Russia has widened its strikes on Ukrainian civilian infrastructure in the past week following setbacks on the battlefield and is likely to expand its target range further, Britain says.
Ukrainians who returned to the northeastern area retaken in Kyiv’s lightning advance earlier this month were searching for their dead while Russian artillery and air strikes kept pounding targets across Ukraine’s east.
Five civilians were killed in Russian attacks in the eastern Donetsk region over the past day and in Nikopol, further west, several dozen residential buildings, gas pipelines and power lines were hit, regional governors said on Sunday.
Britain’s defence ministry said Russian strikes at civilian infrastructure, including a power grid and a dam, have intensified over the past seven days.

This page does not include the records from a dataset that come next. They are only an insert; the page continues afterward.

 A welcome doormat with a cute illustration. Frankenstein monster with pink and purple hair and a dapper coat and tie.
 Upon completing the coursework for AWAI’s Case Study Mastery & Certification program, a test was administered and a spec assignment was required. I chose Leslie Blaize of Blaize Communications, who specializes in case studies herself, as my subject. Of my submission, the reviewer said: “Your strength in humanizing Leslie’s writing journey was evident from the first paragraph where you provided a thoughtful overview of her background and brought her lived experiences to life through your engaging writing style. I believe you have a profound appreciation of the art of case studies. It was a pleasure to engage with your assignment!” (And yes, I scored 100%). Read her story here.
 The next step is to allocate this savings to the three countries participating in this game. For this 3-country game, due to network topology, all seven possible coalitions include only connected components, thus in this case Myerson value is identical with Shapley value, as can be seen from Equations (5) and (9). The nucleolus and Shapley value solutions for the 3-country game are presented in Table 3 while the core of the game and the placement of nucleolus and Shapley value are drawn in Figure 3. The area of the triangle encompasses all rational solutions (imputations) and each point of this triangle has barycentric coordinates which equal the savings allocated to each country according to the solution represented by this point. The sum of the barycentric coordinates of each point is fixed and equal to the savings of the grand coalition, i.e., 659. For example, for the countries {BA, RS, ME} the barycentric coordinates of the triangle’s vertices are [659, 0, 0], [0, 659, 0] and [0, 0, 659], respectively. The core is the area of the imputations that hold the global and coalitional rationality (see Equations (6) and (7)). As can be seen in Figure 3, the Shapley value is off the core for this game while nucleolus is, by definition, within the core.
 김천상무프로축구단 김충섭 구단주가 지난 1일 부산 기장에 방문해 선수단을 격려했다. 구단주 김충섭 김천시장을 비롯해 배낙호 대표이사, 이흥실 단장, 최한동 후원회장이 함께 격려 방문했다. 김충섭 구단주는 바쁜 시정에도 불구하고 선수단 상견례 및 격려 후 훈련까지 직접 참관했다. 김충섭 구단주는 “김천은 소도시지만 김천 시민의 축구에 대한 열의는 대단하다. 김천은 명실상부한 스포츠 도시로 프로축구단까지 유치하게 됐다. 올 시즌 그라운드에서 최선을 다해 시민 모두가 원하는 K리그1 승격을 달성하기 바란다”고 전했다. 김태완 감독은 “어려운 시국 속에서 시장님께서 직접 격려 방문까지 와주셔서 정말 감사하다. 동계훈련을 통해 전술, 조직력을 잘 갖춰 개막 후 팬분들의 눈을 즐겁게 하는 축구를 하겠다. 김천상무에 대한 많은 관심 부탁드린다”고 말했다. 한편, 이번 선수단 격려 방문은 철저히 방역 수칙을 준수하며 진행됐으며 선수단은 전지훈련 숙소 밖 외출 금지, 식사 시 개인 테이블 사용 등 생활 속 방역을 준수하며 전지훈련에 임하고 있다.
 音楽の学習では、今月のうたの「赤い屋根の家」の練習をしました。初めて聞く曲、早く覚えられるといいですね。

“As it faces setbacks on the front lines, Russia has likely extended the locations it is prepared to strike in an attempt to directly undermine the morale of the Ukrainian people and government,” it said in a intelligence update.
On Saturday, Ukrainian President Volodymyr Zelensky said in a video address that authorities had found a mass grave containing the bodies of 17 soldiers in Izium, some of which bore signs of torture.

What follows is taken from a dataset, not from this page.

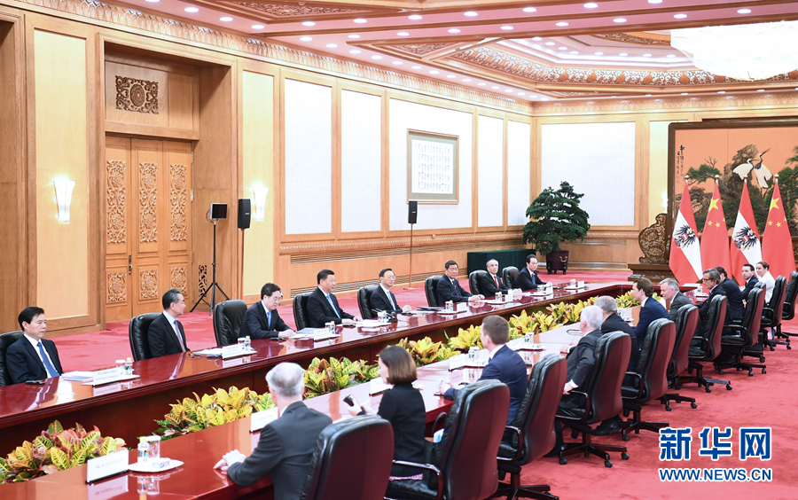 習(xí)近平指出,中方高度重視發(fā)展中奧關(guān)系。兩國友好戰(zhàn)略伙伴關(guān)系不斷得到充實(shí)。中奧合作潛力巨大,前景廣闊。雙方要堅(jiān)持平等相待、相互尊重,不斷將雙邊關(guān)系推向新高度。要為加強(qiáng)兩國人文交流搭建更多平臺(tái),促進(jìn)兩國民心相通。中方歡迎奧方積極參與共建“一帶一路”和“16+1合作”,贊賞奧方對(duì)中國投資展現(xiàn)的開放姿態(tài),歡迎奧地利企業(yè)抓住中國新一輪擴(kuò)大開放帶來的機(jī)遇。
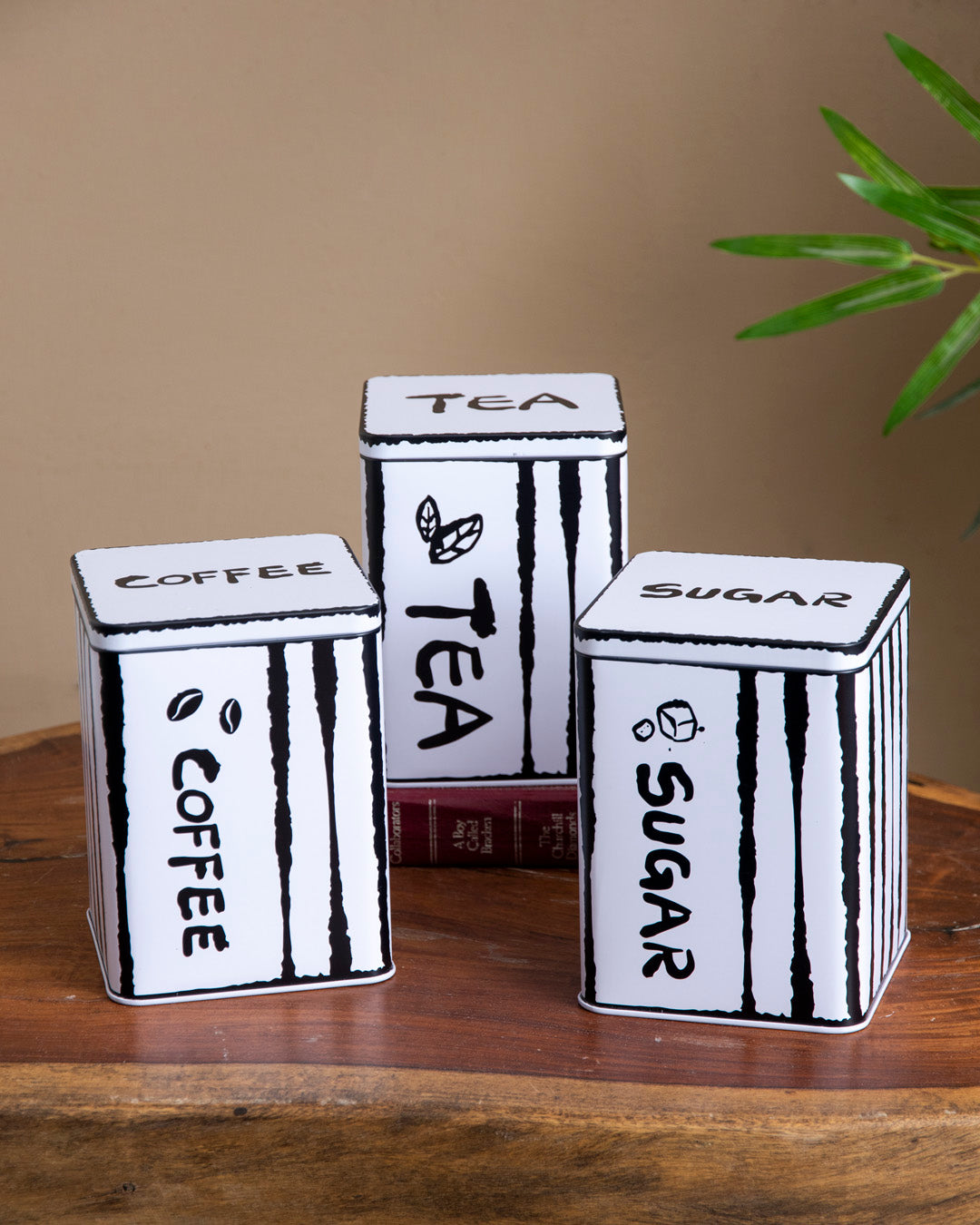 Make storing your everyday essentials an art with these quirky and stylish tin containers. This set of canisters adds a playful yet modern charm to your kitchen. Perfect for storing coffee, tea, and sugar or even cakes, cookies, or your favorite little knick, knacks they're as versatile as they are eye catching. Place them on your countertop to declutter your space and instantly uplift your kitchen vibe.

Residents of Izium have been searching for dead relatives at a forest grave site where emergency workers began exhuming bodies last week. The causes of death for those at the grave site have not yet been established, although residents say some died in an air strike.
Ukrainian officials said last week they had found 440 bodies in the woodlands near Izium. They said most of the dead were civilians and the causes of death had not been established.
The Kremlin has not commented on the discovery of the graves, but in the past Moscow has repeatedly denied deliberately attacking civilians or committing atrocities.
Oleksandr Ilienkov, the chief of the prosecutor’s office for the Kharkiv region, told Reuters at the site on Friday: “One of the bodies (found) has evidence of a ligature pattern and a rope around the neck, tied hands,” adding that there were signs of violent death causes for other bodies but they would undergo forensic examination.
Izium’s mayor said on Sunday that work at the site would continue for another two weeks.
“The exhumation is underway, the graves are being dug up and all the remains are being transported to Kharkiv,” Valery Marchenko told state television.
Russian President Vladimir Putin has not responded to the accusations, but on Friday, he brushed off Ukraine’s swift counteroffensive and that Moscow would respond more forcefully if its troops were put under further pressure.
Such repeated threats have raised concerns he could at some point turn to small nuclear weapons or chemical warfare.
US President Joe Biden, asked what he would say to President Putin if he was considering using such weapons, replied: “Don’t. Don’t. Don’t. It would change the face of war unlike anything since World War Two.”
A clip of comment in an interview with CBS programme 60 Minutes was released by CBS on Saturday.
The top US general cautioned on Sunday it was still unclear how Russia might react to the latest battlefield setbacks in Ukraine and called for vigilance among US troops as he visited a base in Poland aiding Ukraine’s war effort.
“The war is not going too well for Russia right now. So it’s incumbent upon all of us to maintain high states of readiness, alert,” US Army General Mark Milley, chairman of the Joint Chiefs of Staff, told reporters in Warsaw following a visit to a base hosting US troops.